Advertisement

A One-Way Ticket to Freedom

Share via

--Anatoly Tkachenko, 24, would like to work for a television network, where he figures they might be able to use his expertise on Soviet affairs. Alexander Genkin, also 24, would like to work for an American newspaper, once he learns English. Both say the absence of censorship in the United States was a bigger attraction than money when the two Soviet journalists decided two years ago to defect, making good on their plans last week. Their chance finally came, they determined, when they noticed that a Soviet delegation was going to Little Diomede Island in the Bering Strait for the signing of a historic protocol easing travel restrictions between Siberia and Alaska. The two, who were working for a Moscow monthly, painstakingly assembled forged documents that would authorize them to cover the event and called in sick to explain their absence. Once there, the men asked for asylum and were flown to Anchorage, where they are waiting for a decision on their request. “I think if you are a journalist and you wish to work in freedom . . . to be creative in your job, that’s the most important thing for you,” Tkachenko said. Both were anxious about their duplicity, figuring they would get several years in prison if they were found out, and they apologized for casting any kind of a pall over the signing ceremony. “We are very sorry that we kind of marred and soured the ceremony at Little Diomede, but there was no other way,” Tkachenko said.

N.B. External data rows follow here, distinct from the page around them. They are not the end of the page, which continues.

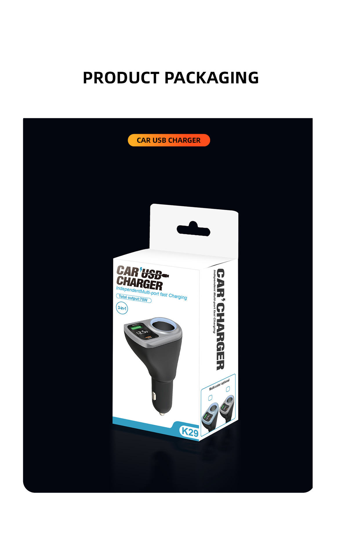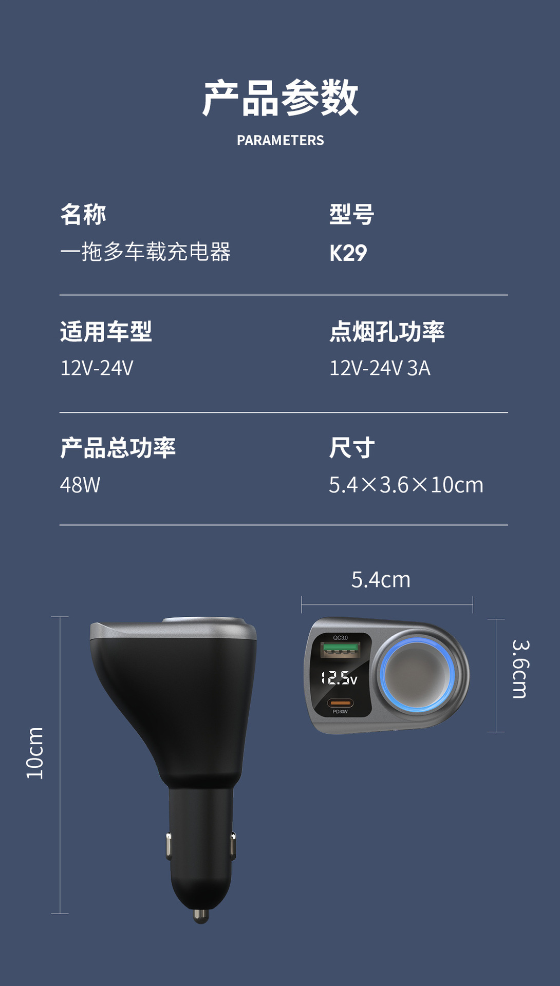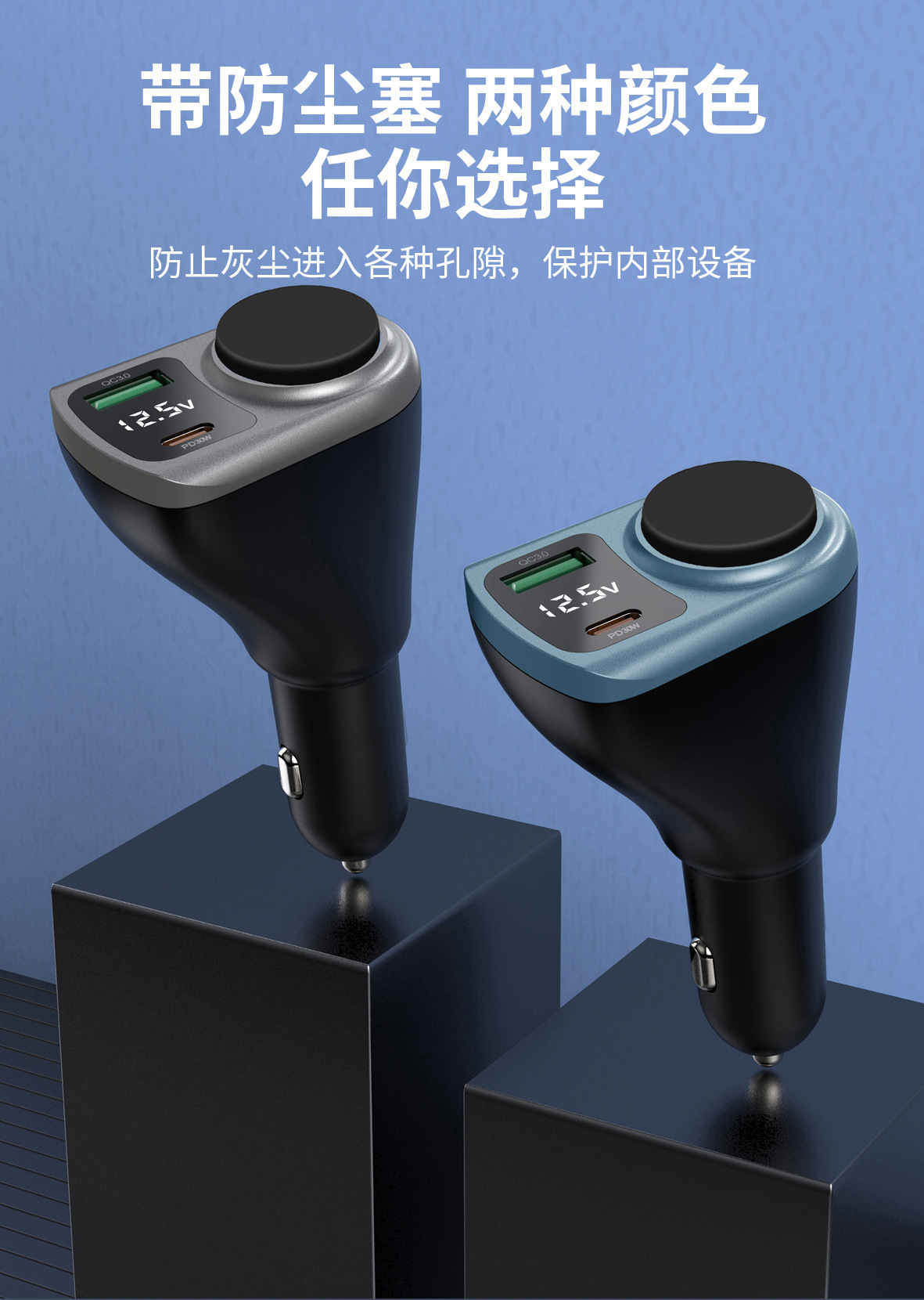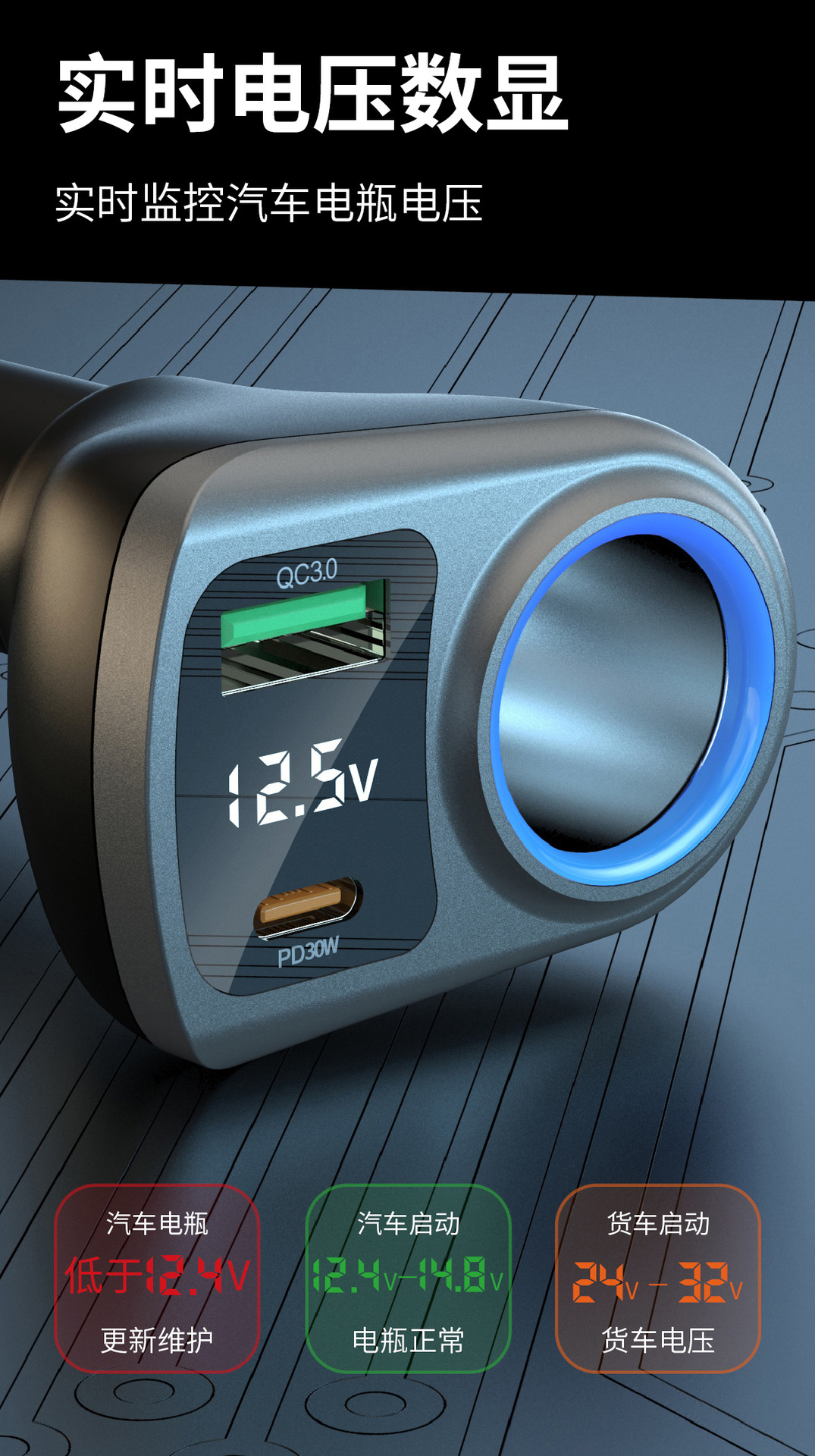 Expandable car charger, super fast charging, digital display, one drag, three cigarette lighters, plug conversion plug, fast socket charging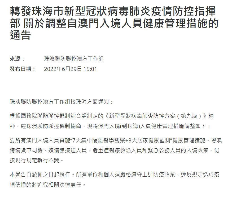 根据国务院联防联控机制综合组制定的《新型冠状病毒肺炎防控方案(第九版)》精神,经珠澳联防联控机制协商,现将澳门入境(到珠海)人员健康管理措施调整如下: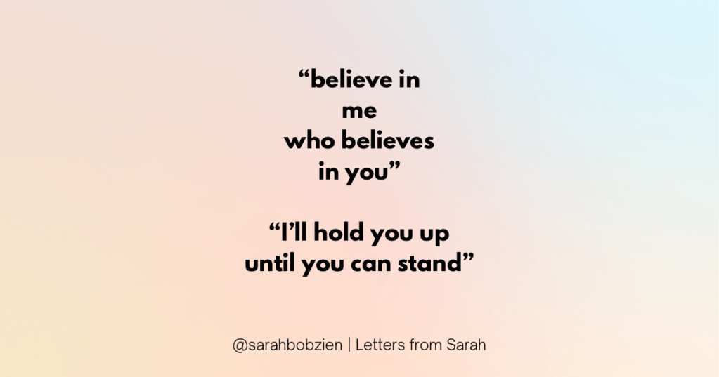 This is for the cheerleaders, mentors, friends, and loved ones who’ve held us up, cheered us on, until we could stand on our own again.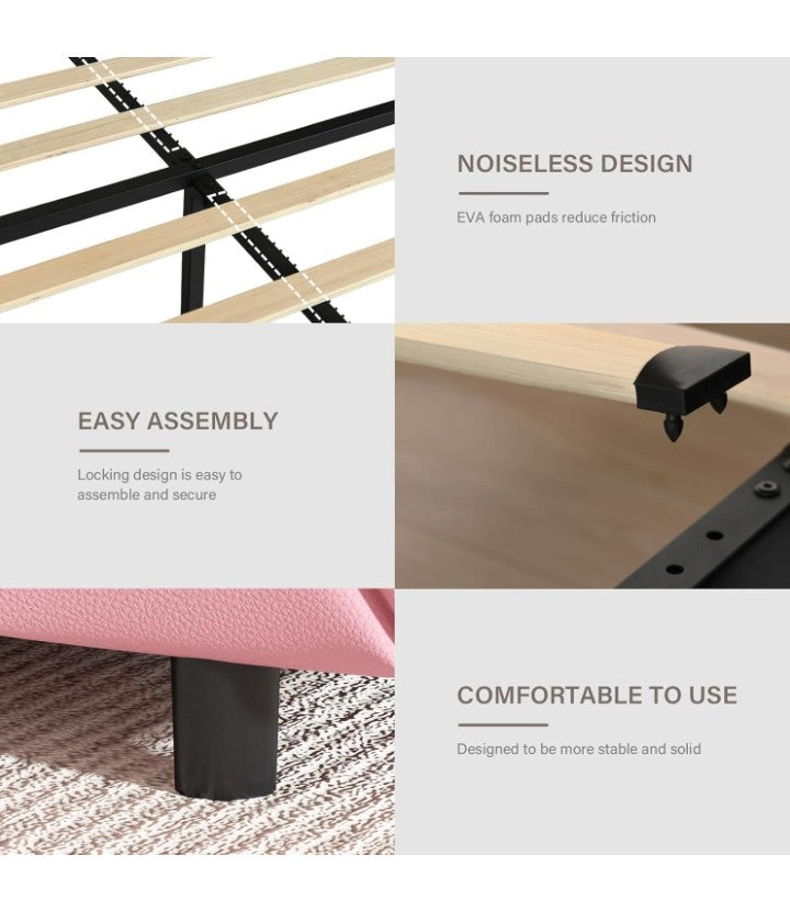 Stable & Noise-free: The kids full bed frame is made of durable metal frame and wooden slats, and the floor-standing design makes the bed more solid without springs. The silent foam strips on the bed frame can eliminate friction noise and ensure your sleeping environment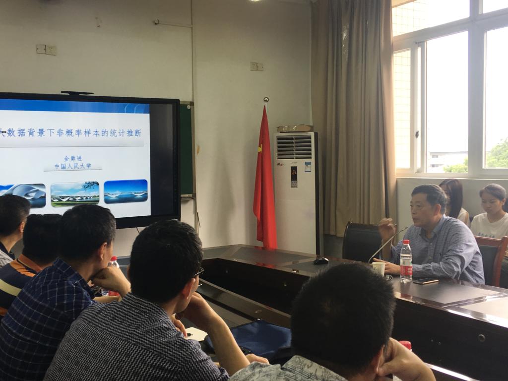 2018年6月11日,我国著名抽样专家,教育部统计学教学指导委员会副主任委员,教育部重点研究基地“应用统计科学研究中心”主任,中国商业统计学会(一级学会)会长,国务院政府特殊津贴获得者,中国人民大学“杰出学者”金勇进特聘教授,在慧智楼90510会议室为公司的统计学老师及研究生做题为“大数据背景下非概率样本统计推断问题”的精彩学术报告。公司相关教师和研究生参加了本次报告会。会议由公司叶勇副经理主持。

--Don’t make book on it, but it looks as if the battle for the George Bush presidential library is shaping up as a bout between Texas and Connecticut, with Bush’s alma mater, Yale, vying with three Lone Star State schools for the honors. At stake are prestige and economics; an estimated 400,000 tourists are expected to pass through the library once it is built. Yale has the distinction of having conferred a degree upon the President-to-be in 1948. But Rice University in Houston and the University of Houston are both citing Bush’s ties to their city. “He’s spoken on the campus many times. We just feel that this is very much a part of his home,” said Mimi Crossley, a spokeswoman for Rice. But it’s Texas A&M;, 80 miles northwest of Houston, that has mounted the most ambitious battle plan. Last week the school announced a detailed plan to capture the library, including a steering committee to prepare the bid. “I’m flattered (at A&M;’s interest) and it may be what I want to do,” Bush recently told Newsweek. But he also cited Rice as a “logical” location. None of this has deterred Yale, which will point to the Bush family’s ties to the region and impressive collections and scholars, said Jack Siggins, Yale’s deputy librarian.